REQUIRED ACTION
With the pictures left out, copy the listing below exactly.

THE DATA
####
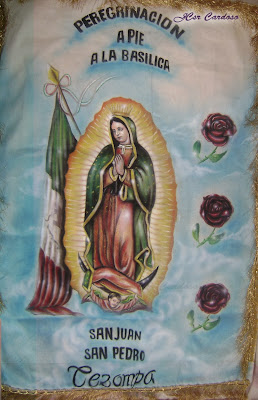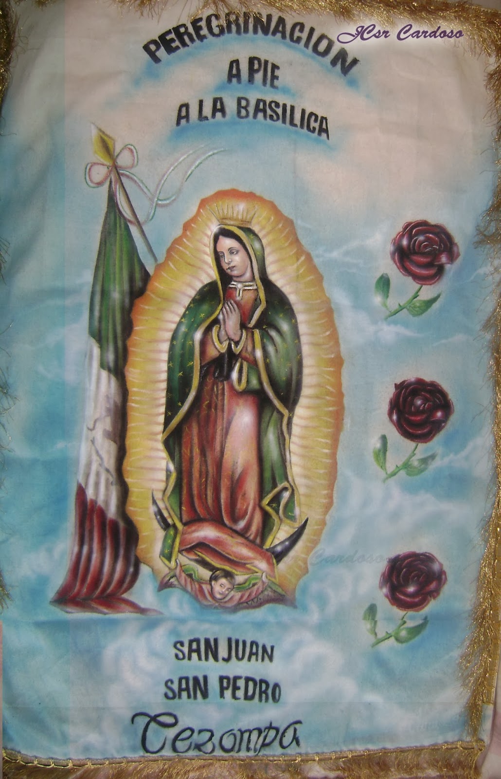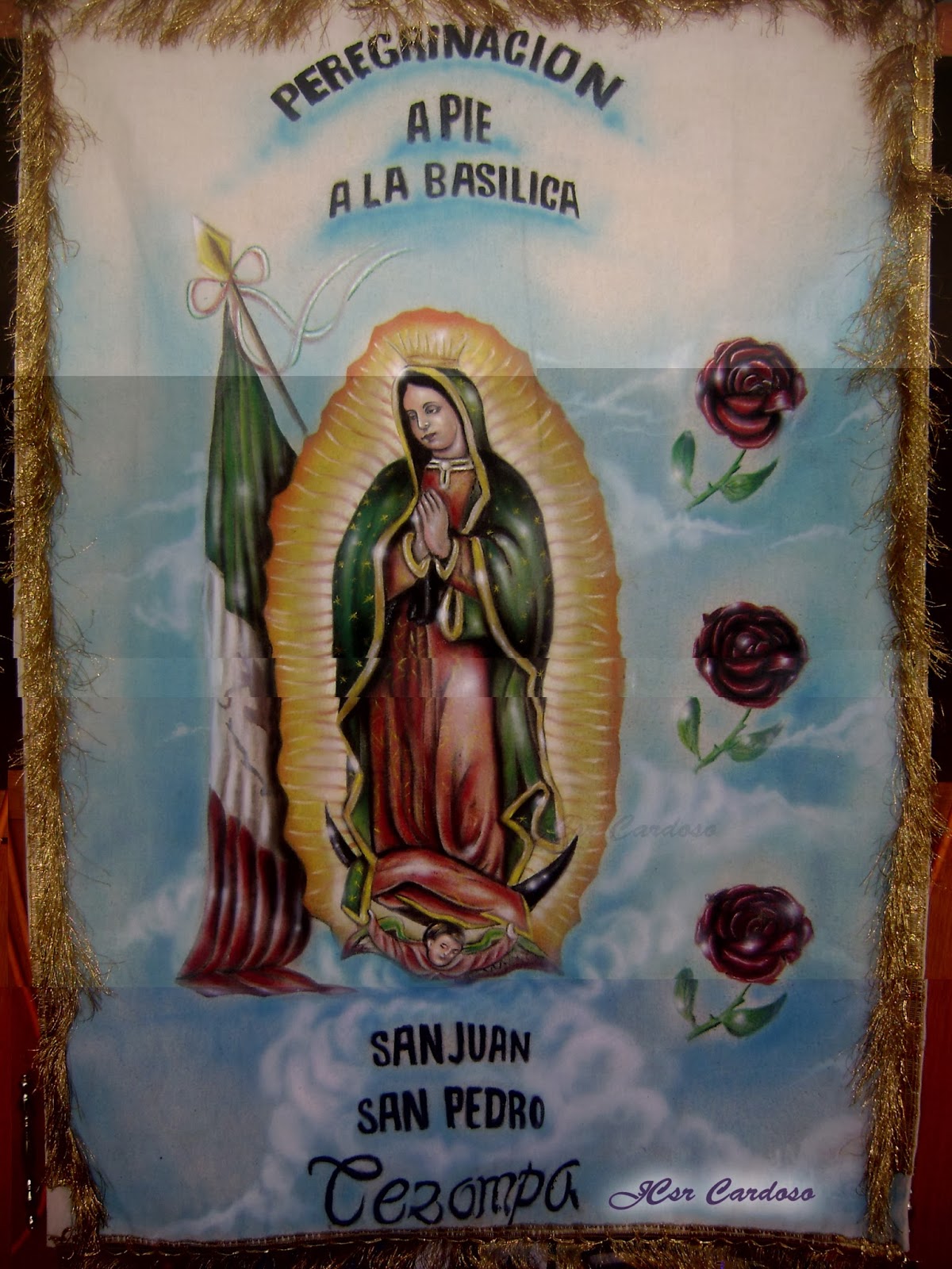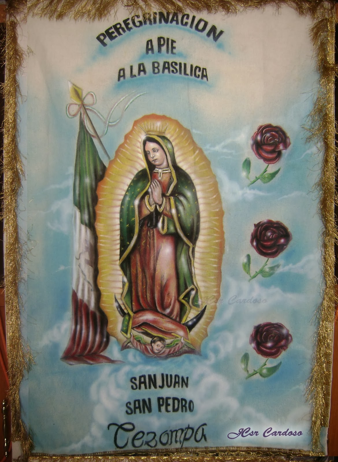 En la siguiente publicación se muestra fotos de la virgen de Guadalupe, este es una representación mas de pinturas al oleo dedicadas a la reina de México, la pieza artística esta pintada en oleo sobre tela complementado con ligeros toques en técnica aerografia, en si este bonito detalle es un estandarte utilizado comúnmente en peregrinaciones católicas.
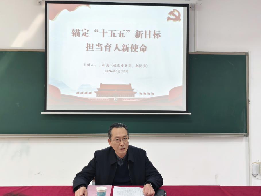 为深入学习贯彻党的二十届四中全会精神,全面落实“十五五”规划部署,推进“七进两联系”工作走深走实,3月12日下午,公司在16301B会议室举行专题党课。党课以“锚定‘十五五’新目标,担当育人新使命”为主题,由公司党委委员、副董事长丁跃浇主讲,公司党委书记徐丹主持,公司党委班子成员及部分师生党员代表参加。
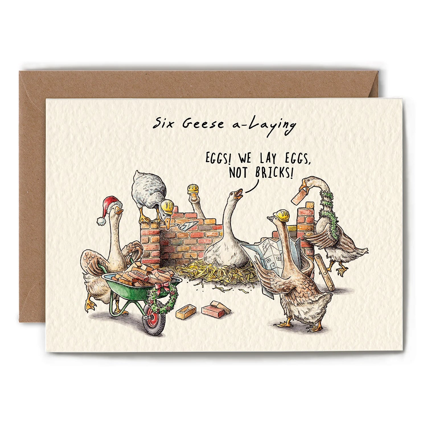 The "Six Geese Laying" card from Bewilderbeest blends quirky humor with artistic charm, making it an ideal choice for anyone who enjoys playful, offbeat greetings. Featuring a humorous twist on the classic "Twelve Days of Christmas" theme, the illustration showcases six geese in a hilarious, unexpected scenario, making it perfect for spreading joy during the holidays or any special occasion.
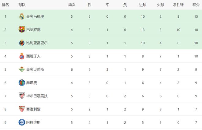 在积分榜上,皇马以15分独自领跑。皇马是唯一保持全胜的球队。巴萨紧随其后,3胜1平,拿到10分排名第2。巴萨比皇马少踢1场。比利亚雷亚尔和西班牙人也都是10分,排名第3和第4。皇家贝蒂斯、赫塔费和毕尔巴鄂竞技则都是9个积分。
####
RESPONSE BELOW
 En la siguiente publicación se muestra fotos de la virgen de Guadalupe, este es una representación mas de pinturas al oleo dedicadas a la reina de México, la pieza artística esta pintada en oleo sobre tela complementado con ligeros toques en técnica aerografia, en si este bonito detalle es un estandarte utilizado comúnmente en peregrinaciones católicas.
 为深入学习贯彻党的二十届四中全会精神,全面落实“十五五”规划部署,推进“七进两联系”工作走深走实,3月12日下午,公司在16301B会议室举行专题党课。党课以“锚定‘十五五’新目标,担当育人新使命”为主题,由公司党委委员、副董事长丁跃浇主讲,公司党委书记徐丹主持,公司党委班子成员及部分师生党员代表参加。
 The "Six Geese Laying" card from Bewilderbeest blends quirky humor with artistic charm, making it an ideal choice for anyone who enjoys playful, offbeat greetings. Featuring a humorous twist on the classic "Twelve Days of Christmas" theme, the illustration showcases six geese in a hilarious, unexpected scenario, making it perfect for spreading joy during the holidays or any special occasion.
 在积分榜上,皇马以15分独自领跑。皇马是唯一保持全胜的球队。巴萨紧随其后,3胜1平,拿到10分排名第2。巴萨比皇马少踢1场。比利亚雷亚尔和西班牙人也都是10分,排名第3和第4。皇家贝蒂斯、赫塔费和毕尔巴鄂竞技则都是9个积分。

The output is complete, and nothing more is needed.